С немецким посольством без труда достигнуто было необходимое соглашение, и в середине апреля я выехал с женою по дипломатическому паспорту, выданному на имя члена Украинской коллегии Комиссариата просвещения Кузьменко. Нас сопровождали мой секретарь Сермукс, бывший начальник моего поезда и уполномоченный ГПУ. Зиновьев и Каменев прощались со мной почти что трогательно: им очень не хотелось оставаться со Сталиным с глазу на глаз.

Я достаточно хорошо знал в довоенные годы гогенцоллернский Берлин. Он имел свою физиономию, которую никто не называл приятной, хотя многие считали внушительной. Берлин изменился. Он не имел теперь физиономии вовсе, по крайней мере, я не находил ее. Город медленно оправлялся после долгой и тяжкой болезни, сопровождавшейся рядом хирургических операций. Инфляция была уже ликвидирована, но твердая марка стала только орудием измерения всеобщего худосочия. На улицах, в магазинах, на лицах прохожих чувствовалось оскудение и нетерпеливое, иногда жадное стремление снова подняться наверх. Немецкая аккуратность и чистота за тяжкие годы войны, поражений и версальского грабежа были побеждены нищетой. Человеческий муравейник упорно, но безрадостно восстанавливал свои ходы, коридоры и склады, раздавленные сапогом войны.

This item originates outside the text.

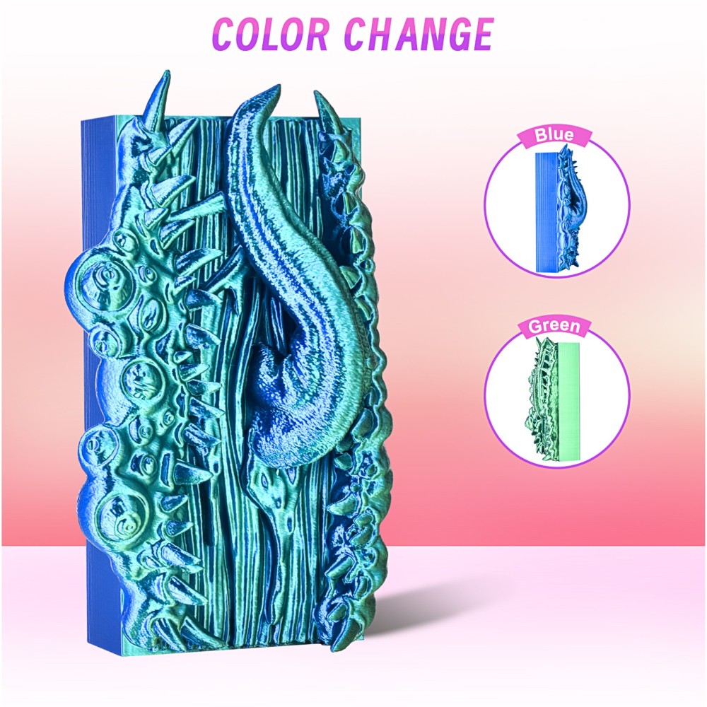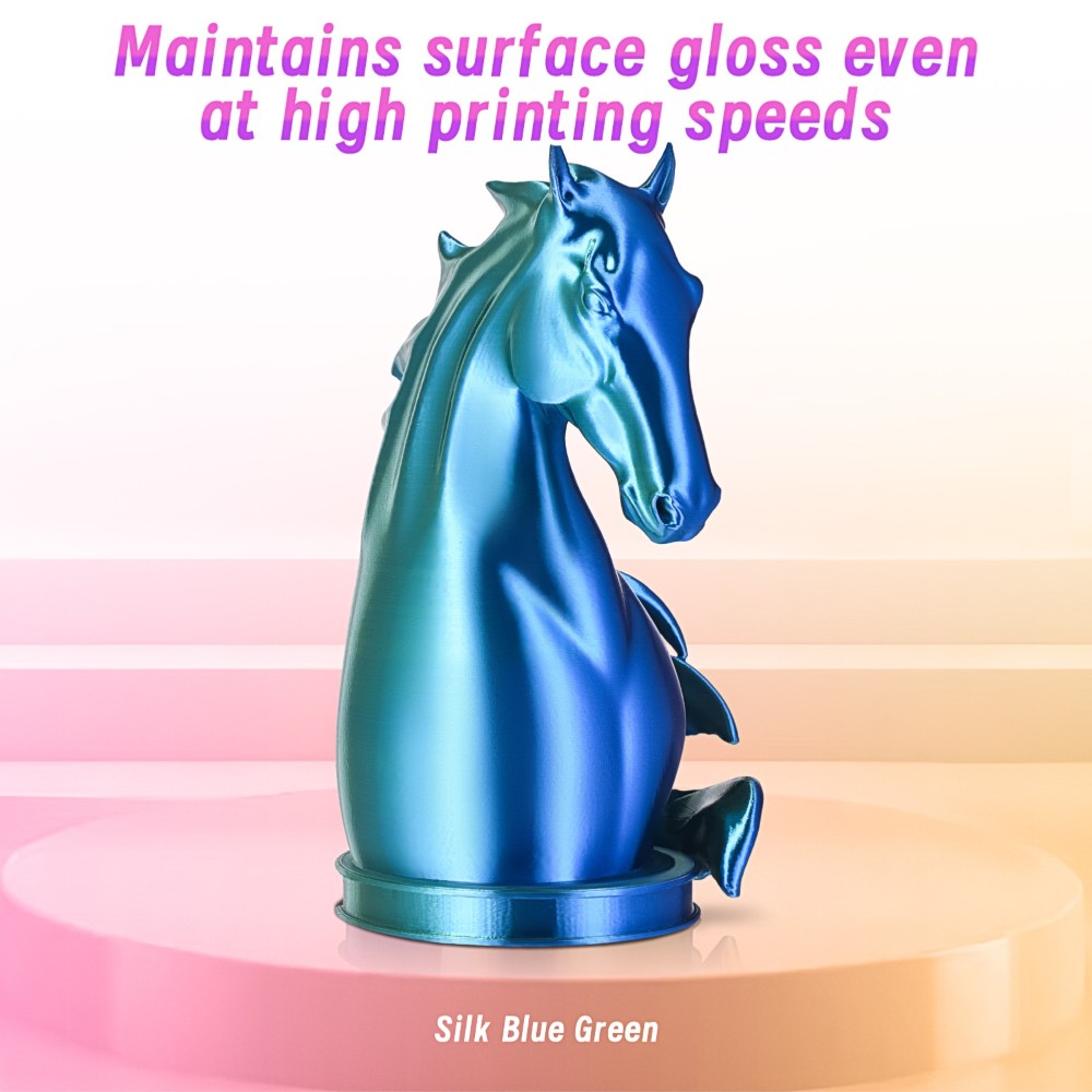 O filamento PLA Silk de Alta Velocidade Dual-Color é enrolado totalmente de forma mecânica, garantindo fios organizados e sem emaranhados.

В ритме улицы, в движениях и жестах прохожих чувствовался трагический оттенок фатализма: ничего не поделаешь, жизнь есть бессрочная каторга, надо начинать сначала.

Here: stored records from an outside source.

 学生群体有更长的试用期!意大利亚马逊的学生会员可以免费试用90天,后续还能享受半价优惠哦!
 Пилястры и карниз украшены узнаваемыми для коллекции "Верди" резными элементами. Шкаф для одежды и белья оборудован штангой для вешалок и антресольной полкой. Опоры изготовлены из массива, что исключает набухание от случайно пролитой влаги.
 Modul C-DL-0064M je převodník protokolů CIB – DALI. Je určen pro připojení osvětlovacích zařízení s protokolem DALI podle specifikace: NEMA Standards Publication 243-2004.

В течение нескольких недель я стал объектом медицинских наблюдений в одной из частных клиник Берлина. В поисках корней таинственной температуры врачи перебрасывали меня друг другу. В конце концов горловик выдвинул гипотезу, что источником температуры являются миндалевидные железы, и посоветовал их на всякий случай вырезать. Диагносты и терапевты колебались: это были пожилые люди и тыловики. Хирург, с опытом войны за спиною, относился к ним с уничтожающим презрением. У него выходило, что миндалевидные железы теперь удаляют так же легко, как бреют усы. Пришлось согласиться.

Ассистенты собирались было связать мне руки, но оператор удовлетворился гарантиями морального порядка. За поощрительными прибаутками хирурга явно слышались напряженность и сдерживаемое волнение. Самое неприятное было лежать неподвижно на спине и захлебываться собственной кровью. Процедура длилась 40 -- 50 минут. Все обошлось благополучно, если не считать того, что операция оказалась, по-видимому, бесполезной: через некоторое время температура возобновилась.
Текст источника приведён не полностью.